# tyee GL vs reata 1850



## reeldrag02 (Mar 28, 2013)

I am sure this has been brought up already but here we go
I was planning on saving my money for a reata but now I see the lund is running a close lay out . has anyone fished the new lund compared to the ranger I have fished the reata never been in the lund . sure looks to be the same hull design are they ? 
I am a weekend fisher not a pro no sponsors dollars count 
thanks hope this doesn't a turf war


----------



## hommer23 (Nov 20, 2012)

Fit and finish was not even close on the Lunds I looked at. The small items that are standard on the Rangers are extra on the Lund. As far as the hulls go they may look the same but the Ranger hull has pultrusion transom and stringers. The gel coat is thicker on the Rangers also. The Ranger also sits lower in the water so the wind does not push you around as much. I was also looking at the Lunds and when I added everything that was on the Ranger 1860 Angler to the Lund, the Lund was more than the Ranger. I am assuming you are from Canada by the few posts you have made and you plan on fishing the Detroit river with it and maybe Lake Erie if that's the case I would go with the Ranger.


----------



## shametamer (Jul 22, 2001)

Money a concern?stratos has a boat in that class, manufactured at the ranger plant . Triton has a model thousands cheaper as does starcraft viper,larson fx series and fincraft.18 1/2 foot glass are very popular. There are many makers and designs out there with prices from about 28k to near 50 k


----------



## yellowbelly80 (Aug 27, 2004)

there has been some transom issues with the glass lunds also nice boats but nowhere near a ranger


----------



## ESOX (Nov 20, 2000)

I have a Ranger 1860. I recently saw a Triton 186 Fish hunter. I loved the layout. Doesn't have the pad for speed or vertical strakes for true tracking of a Ranger, but certainly worth a look at. Especially now, I understand they are being made in the Ranger factory.

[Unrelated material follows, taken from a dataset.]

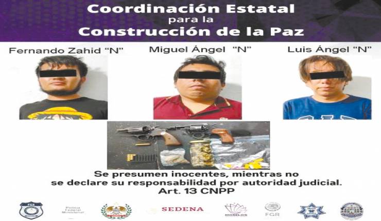 Tepoztlán, MORELOS.- Tras echar balazos en una cancha del poblado de San Juan Tlacotenco, tres hombres fueron asegurados con dos pistolas y dosis de mariguana y cocaína.

http://www.tritonboats.com/boat/400.aspx


----------



## tubejig (Jan 21, 2002)

yellowbelly80 said:


> there has been some transom issues with the glass lunds also nice boats but nowhere near a ranger


What transom issues have you heard of with those boats? I have never heard one complaint about the glass Lund's.

Back to the op question. Personally, what I don't like about the reata is the rod locker. The in floor stuff stinks. It does sit lower in the water since it has shorter sides, and does not get blown around as easy. But the draw back is the really short seat posts. I rode in one and had to cross my legs to sit while driving,and it felt like I was getting up off the floor to grab a rod while trolling. Doing that for a couple hours was a pain and I would not want to do it all day. The lund felt bigger due to the higher sides and the seat was higher as well. The ride was very similar but as was mentioned earlier, the price is too high for that boat. I don't think you could go wrong with either, but spend some time in one before you buy. I am glad I did, it saved me 50k because I think I would have regretted buying the ranger.


----------



## reeldrag02 (Mar 28, 2013)

thanks for the input 
yes I fish the D and western erie and st clair a bit in the fall 
I am a crazy canuck 
price and quality matters
fished out of rangers and that is my first pick 
lund did not have the fit and finish when I bought my starcraft
did not like the stratos finish last winter when my buddy bought his reata
will look at the triton
the tyee rod locker is in the floor the same as the reata 
will have to look at the boats side by side this winter maybe at the Detroit boat show

I don't post a lot but I find a lot of good info on this site thanks to all posters


----------



## yellowbelly80 (Aug 27, 2004)

with the verado 300 on the back it was seprating..i have heard this from 3 walleye pro's now..this may have been the first few years of production..they are just not as reinforced back there like a ranger


tubejig said:


> What transom issues have you heard of with those boats? I have never heard one complaint about the glass Lund's.
> 
> Back to the op question. Personally, what I don't like about the reata is the rod locker. The in floor stuff stinks. It does sit lower in the water since it has shorter sides, and does not get blown around as easy. But the draw back is the really short seat posts. I rode in one and had to cross my legs to sit while driving,and it felt like I was getting up off the floor to grab a rod while trolling. Doing that for a couple hours was a pain and I would not want to do it all day. The lund felt bigger due to the higher sides and the seat was higher as well. The ride was very similar but as was mentioned earlier, the price is too high for that boat. I don't think you could go wrong with either, but spend some time in one before you buy. I am glad I did, it saved me 50k because I think I would have regretted buying the ranger.


----------



## tubejig (Jan 21, 2002)

yellowbelly80 said:


> with the verado 300 on the back it was seprating..i have heard this from 3 walleye pro's now..this may have been the first few years of production..they are just not as reinforced back there like a ranger


Ah, so the 20 foot pro v gl's had issues and not the tyee. It makes a bit of sense for any 20-21 foot multi species having issues with a 300 on the back. That's a ton of stress even if the boat is rated for it. I would think all manufacturers have seen their share of problems with that combo. The vrod is a heavy engine.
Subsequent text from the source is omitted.